*** MATERIAL FOR THIS EXERCISE

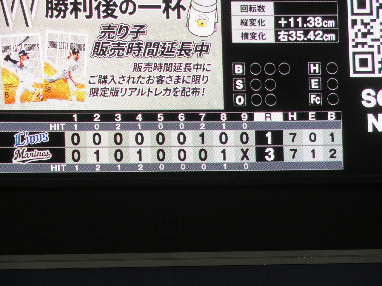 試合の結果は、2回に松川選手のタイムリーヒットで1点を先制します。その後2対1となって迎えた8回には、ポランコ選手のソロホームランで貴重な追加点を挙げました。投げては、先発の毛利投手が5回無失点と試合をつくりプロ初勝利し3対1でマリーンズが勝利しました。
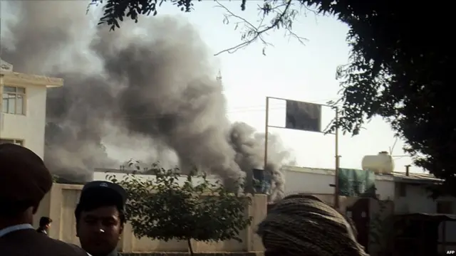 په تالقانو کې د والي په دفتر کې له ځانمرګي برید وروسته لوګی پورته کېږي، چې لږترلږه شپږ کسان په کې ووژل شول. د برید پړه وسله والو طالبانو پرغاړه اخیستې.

******
*** MATERIAL FOR THIS EXERCISE

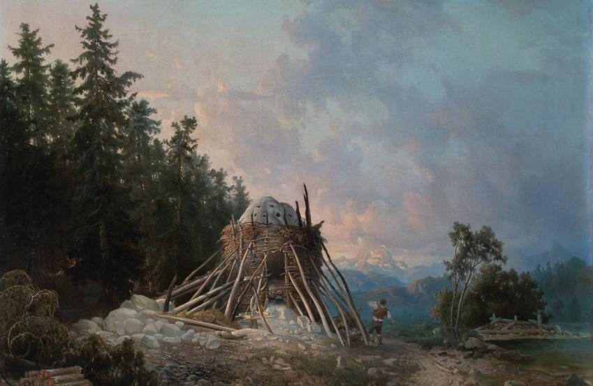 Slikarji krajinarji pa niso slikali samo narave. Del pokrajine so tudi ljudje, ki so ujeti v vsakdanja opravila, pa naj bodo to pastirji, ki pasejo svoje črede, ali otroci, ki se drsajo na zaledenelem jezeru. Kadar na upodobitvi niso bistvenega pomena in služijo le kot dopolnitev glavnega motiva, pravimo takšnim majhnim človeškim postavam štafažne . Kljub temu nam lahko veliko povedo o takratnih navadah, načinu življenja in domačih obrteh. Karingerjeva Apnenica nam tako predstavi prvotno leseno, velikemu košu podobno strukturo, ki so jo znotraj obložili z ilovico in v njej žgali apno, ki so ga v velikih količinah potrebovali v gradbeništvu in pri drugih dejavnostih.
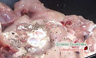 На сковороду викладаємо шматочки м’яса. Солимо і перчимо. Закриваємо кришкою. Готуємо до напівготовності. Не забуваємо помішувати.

******
*** MATERIAL FOR THIS EXERCISE

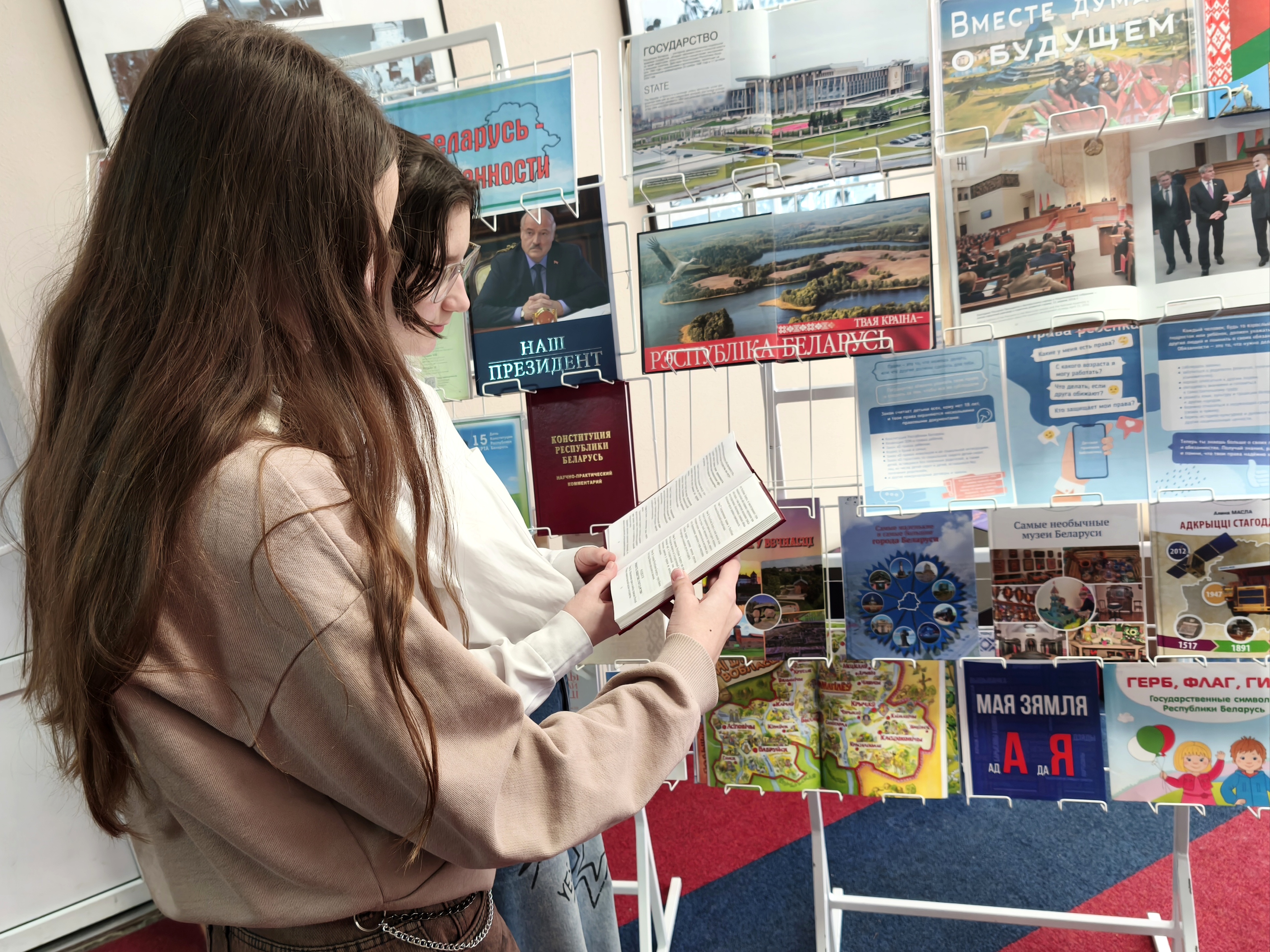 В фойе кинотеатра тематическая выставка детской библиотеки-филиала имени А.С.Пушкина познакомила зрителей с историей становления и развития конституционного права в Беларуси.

******

● PROBLEM:
Nothing but the lines from the one with "試合の結果は、2回に松川選手" to the one with "په تالقانو کې" above, both included, should be transcribed, exactly and without pictures.

● TASK SOLUTION:
 試合の結果は、2回に松川選手のタイムリーヒットで1点を先制します。その後2対1となって迎えた8回には、ポランコ選手のソロホームランで貴重な追加点を挙げました。投げては、先発の毛利投手が5回無失点と試合をつくりプロ初勝利し3対1でマリーンズが勝利しました。
 په تالقانو کې د والي په دفتر کې له ځانمرګي برید وروسته لوګی پورته کېږي، چې لږترلږه شپږ کسان په کې ووژل شول. د برید پړه وسله والو طالبانو پرغاړه اخیستې.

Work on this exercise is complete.